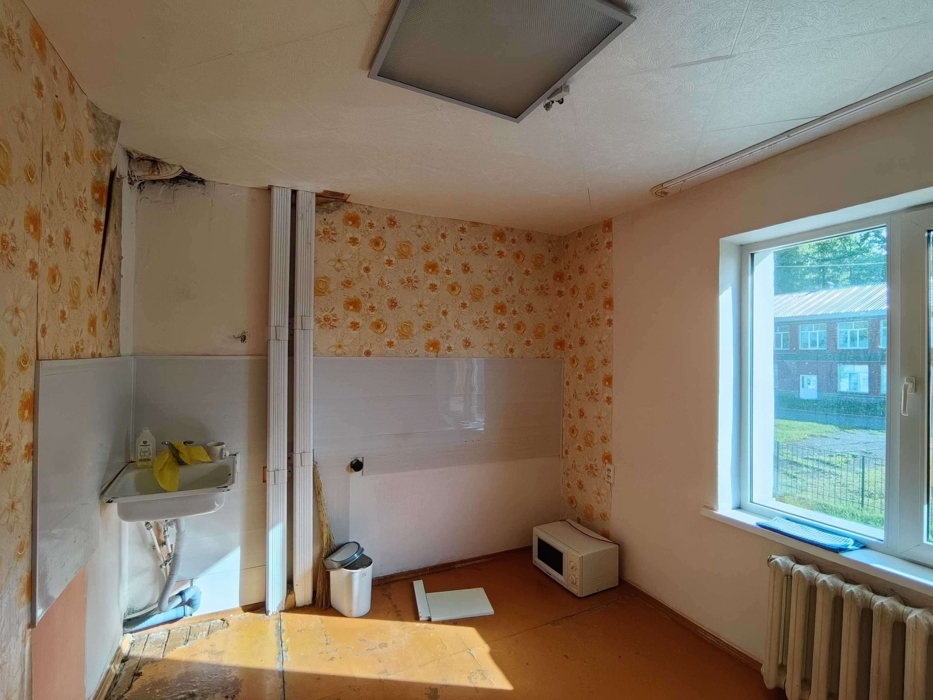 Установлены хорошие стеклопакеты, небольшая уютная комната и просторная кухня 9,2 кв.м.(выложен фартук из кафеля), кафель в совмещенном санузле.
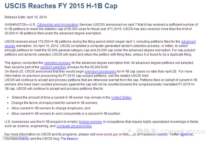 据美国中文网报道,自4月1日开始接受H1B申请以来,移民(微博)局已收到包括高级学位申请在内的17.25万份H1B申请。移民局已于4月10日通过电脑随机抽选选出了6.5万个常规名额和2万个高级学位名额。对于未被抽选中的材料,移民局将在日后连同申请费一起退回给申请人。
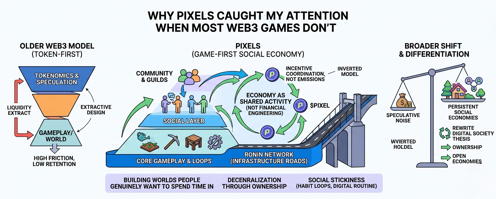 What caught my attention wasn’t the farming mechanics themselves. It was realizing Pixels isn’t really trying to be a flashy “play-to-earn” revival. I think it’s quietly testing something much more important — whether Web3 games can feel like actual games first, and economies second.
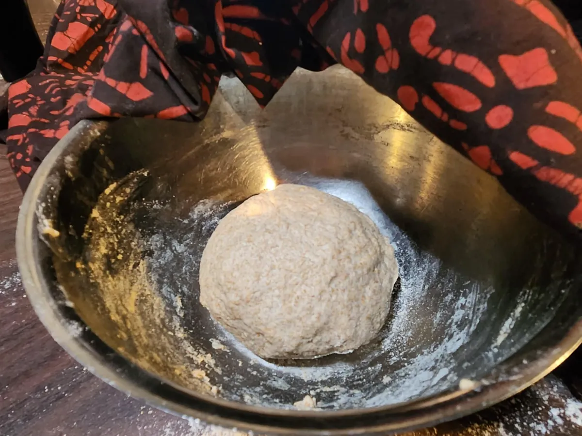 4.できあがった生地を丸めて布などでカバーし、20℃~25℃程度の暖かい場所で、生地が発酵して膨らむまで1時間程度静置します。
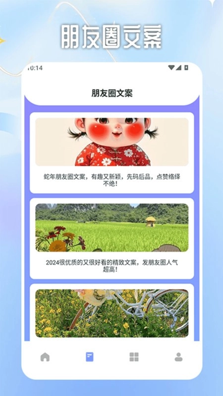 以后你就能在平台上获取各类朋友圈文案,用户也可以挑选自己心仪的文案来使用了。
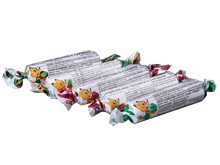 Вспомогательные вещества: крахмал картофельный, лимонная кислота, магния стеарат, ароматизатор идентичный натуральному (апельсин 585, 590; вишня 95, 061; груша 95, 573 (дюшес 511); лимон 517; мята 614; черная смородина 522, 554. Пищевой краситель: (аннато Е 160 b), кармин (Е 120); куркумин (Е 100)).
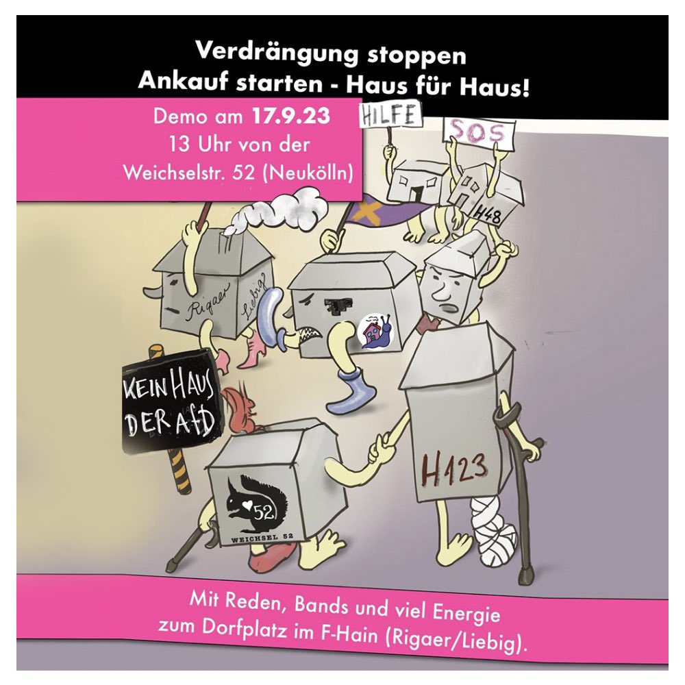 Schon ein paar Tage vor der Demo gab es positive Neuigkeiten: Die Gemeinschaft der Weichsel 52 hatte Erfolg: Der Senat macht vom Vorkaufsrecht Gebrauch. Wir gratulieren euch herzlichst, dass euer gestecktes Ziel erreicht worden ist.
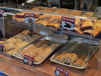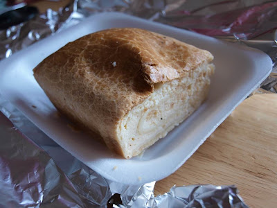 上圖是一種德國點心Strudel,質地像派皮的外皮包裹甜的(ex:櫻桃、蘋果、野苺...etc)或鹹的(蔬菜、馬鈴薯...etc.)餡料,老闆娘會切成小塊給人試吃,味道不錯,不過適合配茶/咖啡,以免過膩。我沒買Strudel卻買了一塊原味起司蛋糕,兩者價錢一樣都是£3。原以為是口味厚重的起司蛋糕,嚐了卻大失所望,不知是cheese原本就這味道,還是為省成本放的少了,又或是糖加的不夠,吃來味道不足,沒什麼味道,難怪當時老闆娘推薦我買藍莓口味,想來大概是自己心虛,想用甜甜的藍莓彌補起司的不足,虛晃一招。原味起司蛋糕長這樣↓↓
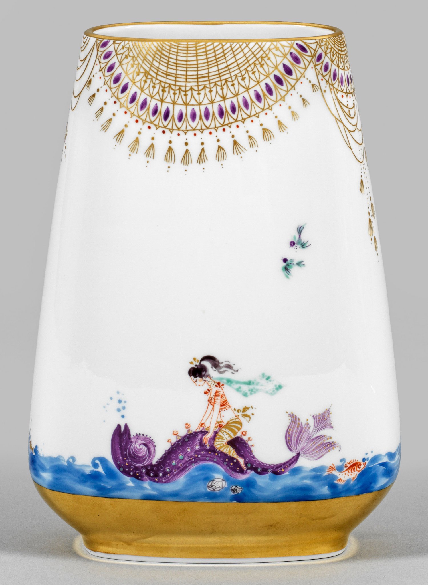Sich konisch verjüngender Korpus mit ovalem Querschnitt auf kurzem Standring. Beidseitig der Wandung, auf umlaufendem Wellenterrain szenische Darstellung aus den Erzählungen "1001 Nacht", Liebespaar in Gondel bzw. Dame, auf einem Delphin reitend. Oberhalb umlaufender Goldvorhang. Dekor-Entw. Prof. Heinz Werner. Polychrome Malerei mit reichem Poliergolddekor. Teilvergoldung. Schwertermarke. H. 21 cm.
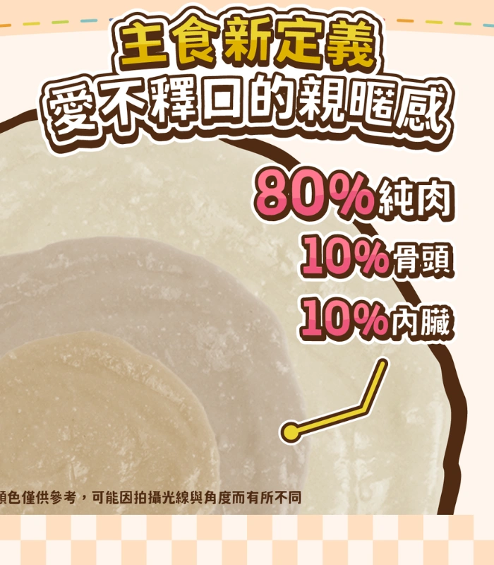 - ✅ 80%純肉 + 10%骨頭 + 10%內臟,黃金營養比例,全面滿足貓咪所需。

* * *

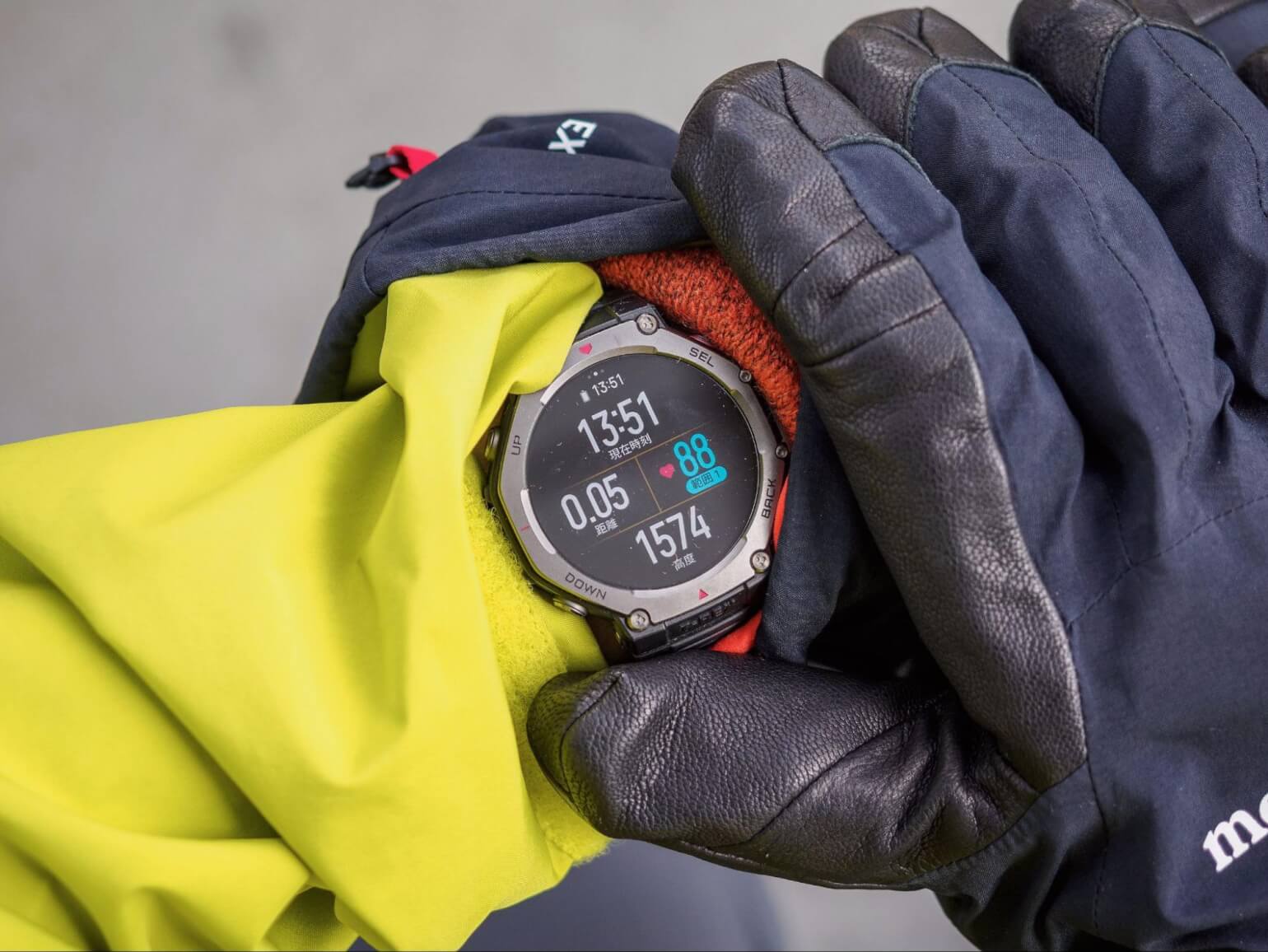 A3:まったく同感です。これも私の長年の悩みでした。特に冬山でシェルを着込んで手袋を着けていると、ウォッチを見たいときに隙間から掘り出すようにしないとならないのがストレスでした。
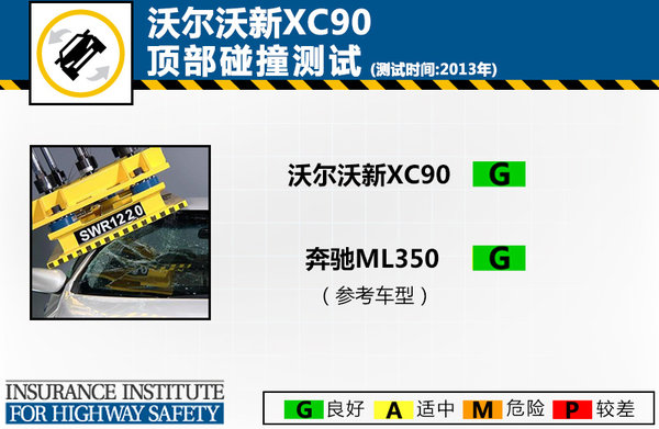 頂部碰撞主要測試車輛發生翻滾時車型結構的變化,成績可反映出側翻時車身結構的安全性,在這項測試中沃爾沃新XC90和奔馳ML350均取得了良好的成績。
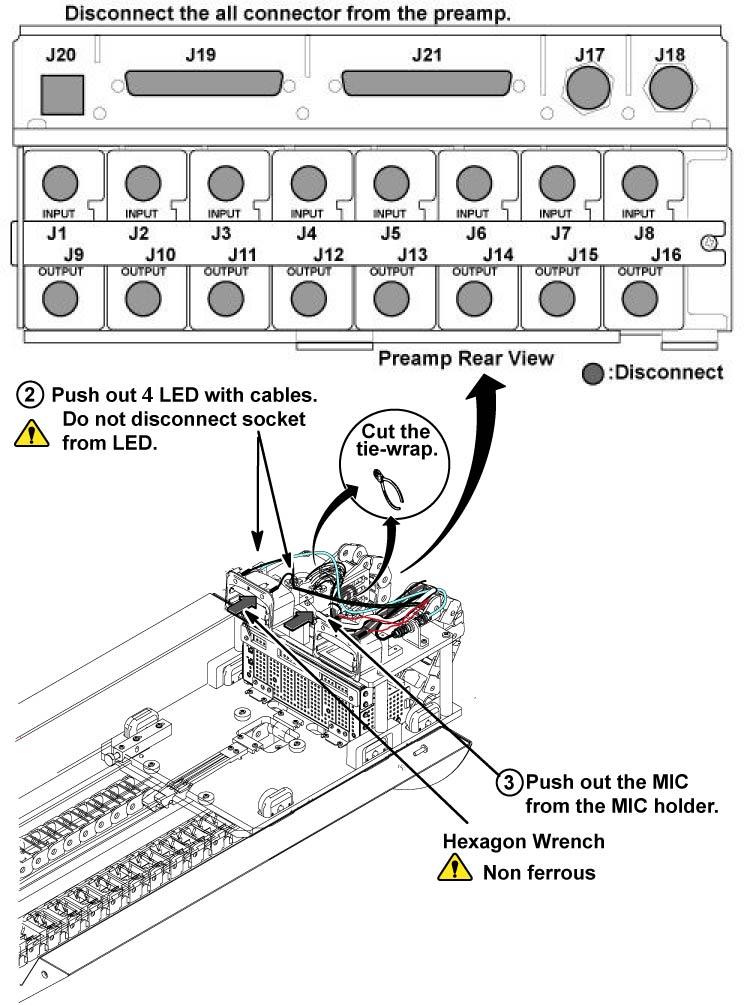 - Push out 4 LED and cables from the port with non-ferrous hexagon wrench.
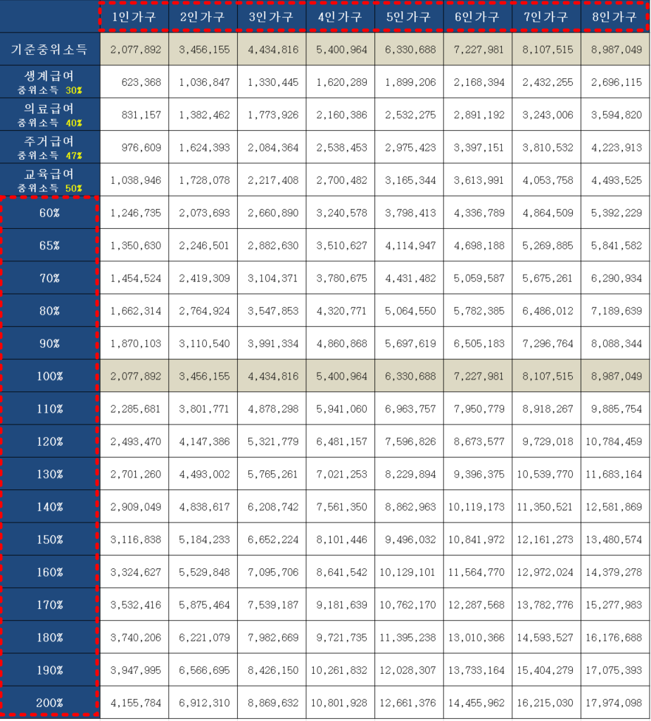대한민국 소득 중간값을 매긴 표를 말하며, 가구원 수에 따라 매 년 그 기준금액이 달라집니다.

==

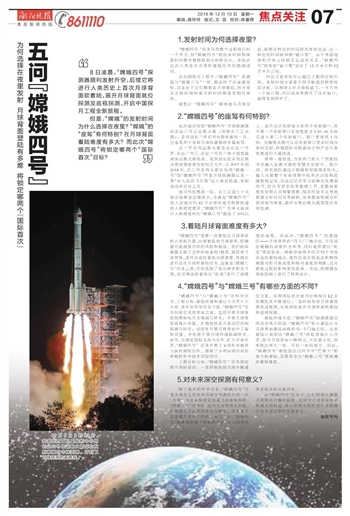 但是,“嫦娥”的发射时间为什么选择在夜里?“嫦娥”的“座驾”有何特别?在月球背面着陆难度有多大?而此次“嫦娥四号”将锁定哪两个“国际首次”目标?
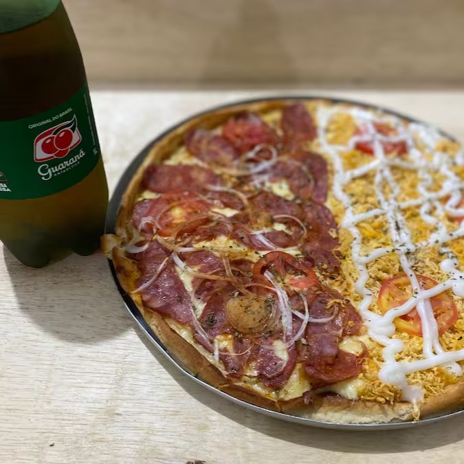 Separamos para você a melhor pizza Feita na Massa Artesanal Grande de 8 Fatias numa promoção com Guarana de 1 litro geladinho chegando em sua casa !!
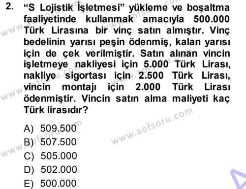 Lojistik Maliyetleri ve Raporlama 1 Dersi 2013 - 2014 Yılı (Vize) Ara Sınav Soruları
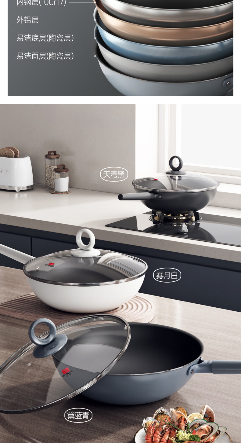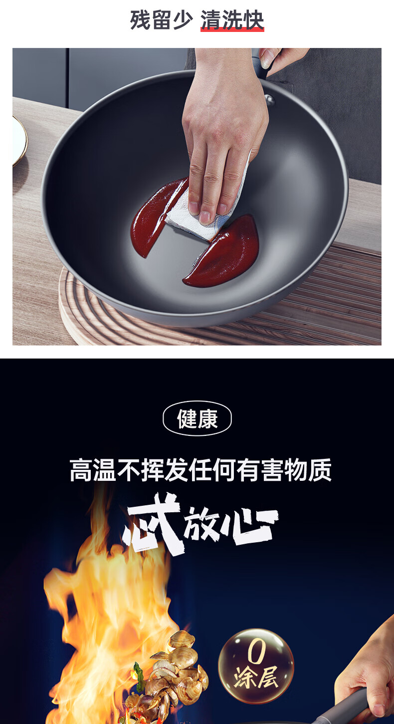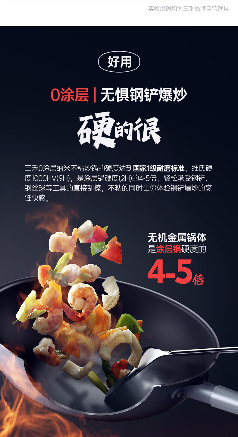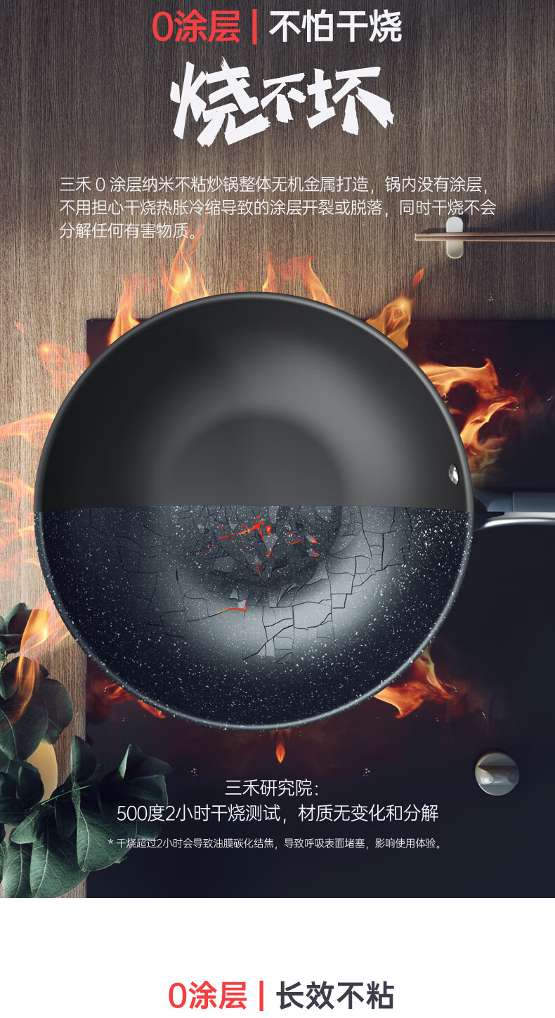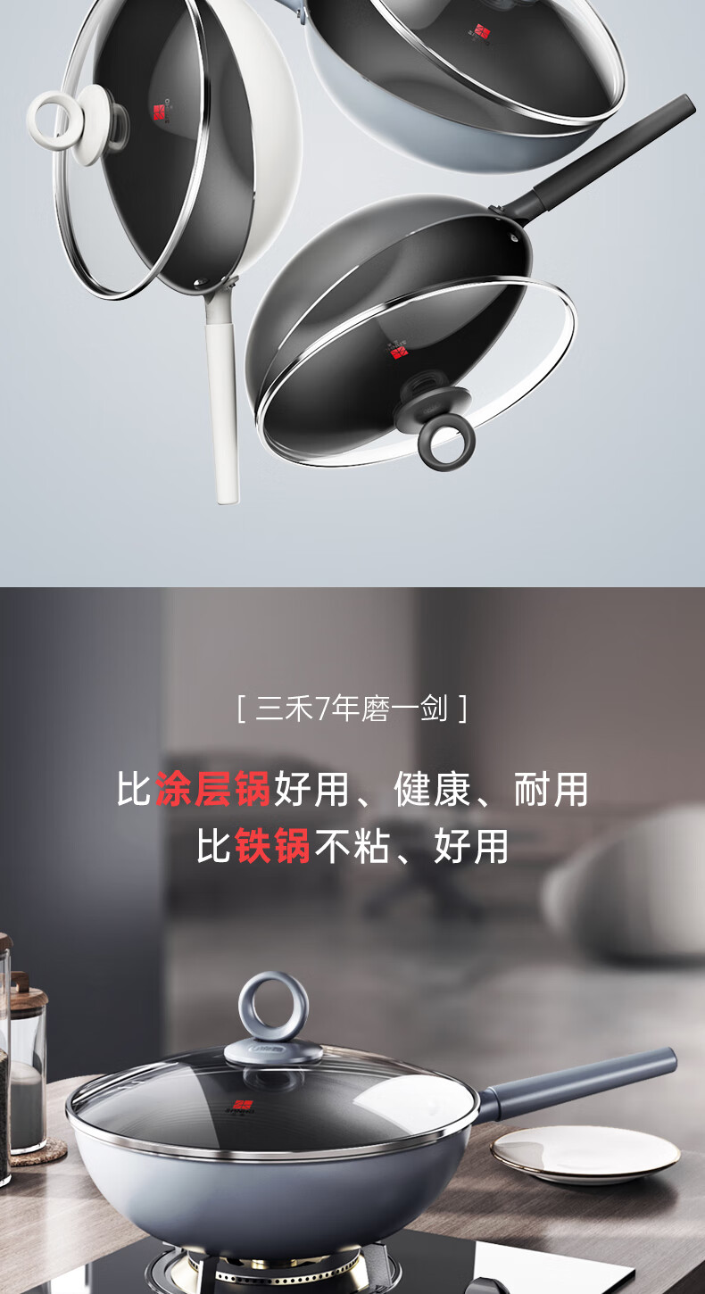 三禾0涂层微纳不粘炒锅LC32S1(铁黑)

*Work to be completed*. Look through the material above. Transcribe exactly the lines between the ones with "Schon ein paar" and "上圖是一種德國點心Strud", inclusive, and keep pictures out.

*Result of this task*.
 Schon ein paar Tage vor der Demo gab es positive Neuigkeiten: Die Gemeinschaft der Weichsel 52 hatte Erfolg: Der Senat macht vom Vorkaufsrecht Gebrauch. Wir gratulieren euch herzlichst, dass euer gestecktes Ziel erreicht worden ist.
 上圖是一種德國點心Strudel,質地像派皮的外皮包裹甜的(ex:櫻桃、蘋果、野苺...etc)或鹹的(蔬菜、馬鈴薯...etc.)餡料,老闆娘會切成小塊給人試吃,味道不錯,不過適合配茶/咖啡,以免過膩。我沒買Strudel卻買了一塊原味起司蛋糕,兩者價錢一樣都是£3。原以為是口味厚重的起司蛋糕,嚐了卻大失所望,不知是cheese原本就這味道,還是為省成本放的少了,又或是糖加的不夠,吃來味道不足,沒什麼味道,難怪當時老闆娘推薦我買藍莓口味,想來大概是自己心虛,想用甜甜的藍莓彌補起司的不足,虛晃一招。原味起司蛋糕長這樣↓↓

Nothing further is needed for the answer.